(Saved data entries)
▼▼▼

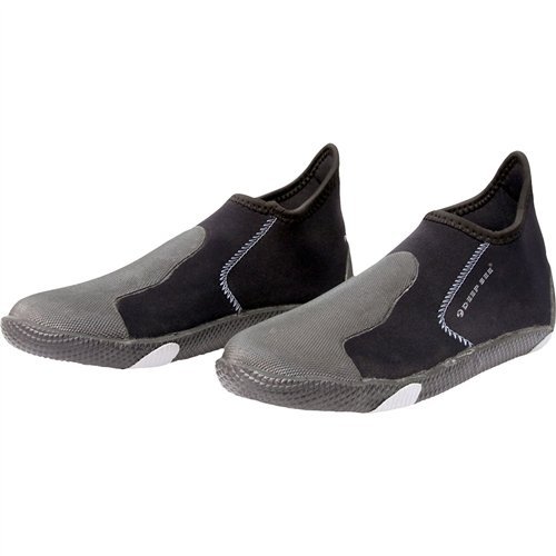 These 3/5mm warm water dive booties have a patented purge system that prevents water from pooling in the shoe while walking. The pull-on design and low profile makes them great for traveling. They are available in both men's and women's sizing.Feature
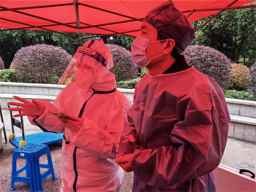 陶刚 龙虎塘街道玲珑社区民兵团成员 作为龙虎塘街道民兵团的一员的他,积极响应社区号召跻身于志愿者工作中。他统筹安排小组成员的点位与分工,积极维护核酸现场秩序,热心帮助民众解决检测困难。
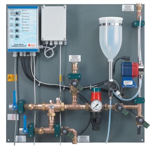 Полная коммутация и предварительный монтаж на синей полипропиленовой пластине всех управляющих компонентов душа.
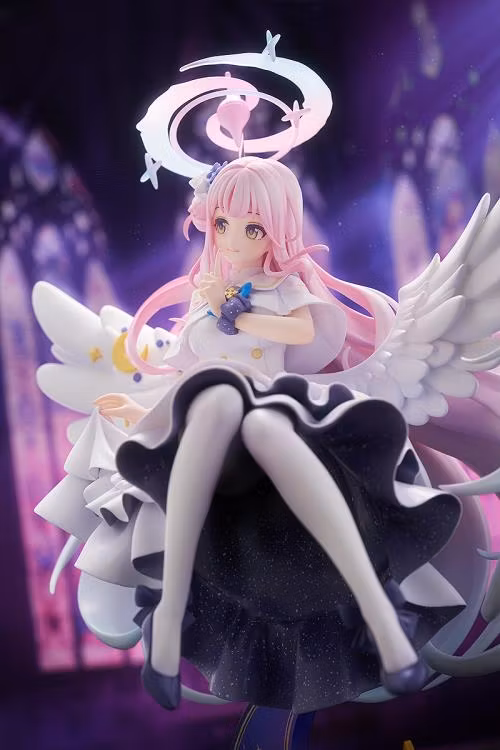 Från det populära spelet "Blue Archive" kommer en figur i skala 1/7 av Trinity General School Tea Party-medlemmen, Mika! Figuren visar Mika i en original flytande pose med utspridda vingar, som om hon sänkte sig från himlen, och ett finger höll upp mot hennes oskyldiga och söta leende. Den eleganta gesten framhäver hennes bedårande och iögonfallande charm, som säkerligen kommer att vinna över dig. Hennes kjol har skulpterats noggrant för att ge ett fluffigt och lätt utseende, med en natthimmeldesign på undersidan för att kontrastera figurens ljusa och pastellfärgade toner.
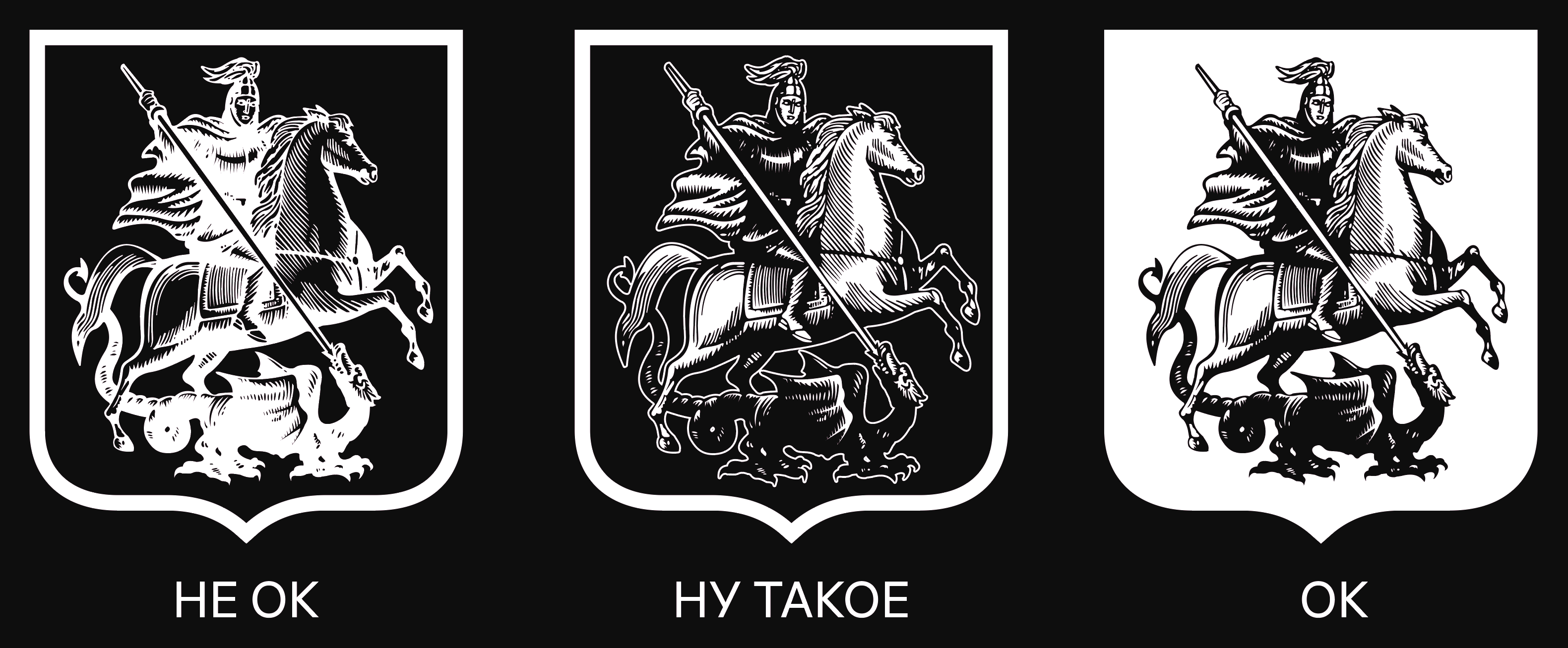 Нельзя просто инвертировать герб для нанесения на темный кузов транспорта. Ну и вообще — инвертировать векторную графику надо осторожно.
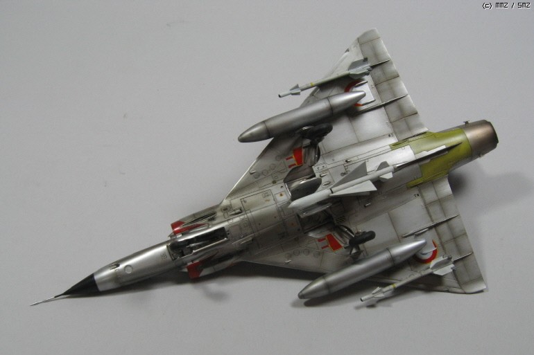 앞쪽 국적 마크데칼 붉은 색은 스텐실... 전체적으로 기본 은색을 칠한뒤 에어브러시로
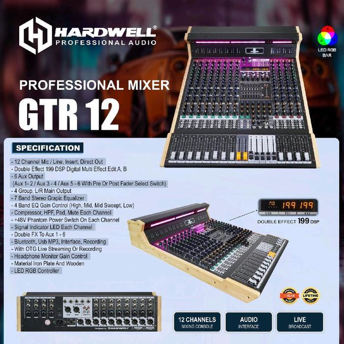 Mixer Audio Hardwell GTR 12 GTR12 Original 12 Channel Double Effect 199 Dsp
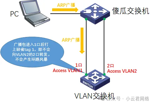 这个拓扑中,SW1的G0/0/1和G0/0/2分别属于不同的VLAN1和VLAN2,两个口同时接傻瓜交换机,相当于“物理自环”了,但其实逻辑上并未环路,这种自环网络是不会产生广播风暴的,如下图:

▲▲▲

Your reply should hold only the lines running from the one with "Нельзя просто инвертировать" to the end of the data above, set down exactly, pictures omitted.

**Answer box**
 Нельзя просто инвертировать герб для нанесения на темный кузов транспорта. Ну и вообще — инвертировать векторную графику надо осторожно.
 앞쪽 국적 마크데칼 붉은 색은 스텐실... 전체적으로 기본 은색을 칠한뒤 에어브러시로
 Mixer Audio Hardwell GTR 12 GTR12 Original 12 Channel Double Effect 199 Dsp
 这个拓扑中,SW1的G0/0/1和G0/0/2分别属于不同的VLAN1和VLAN2,两个口同时接傻瓜交换机,相当于“物理自环”了,但其实逻辑上并未环路,这种自环网络是不会产生广播风暴的,如下图:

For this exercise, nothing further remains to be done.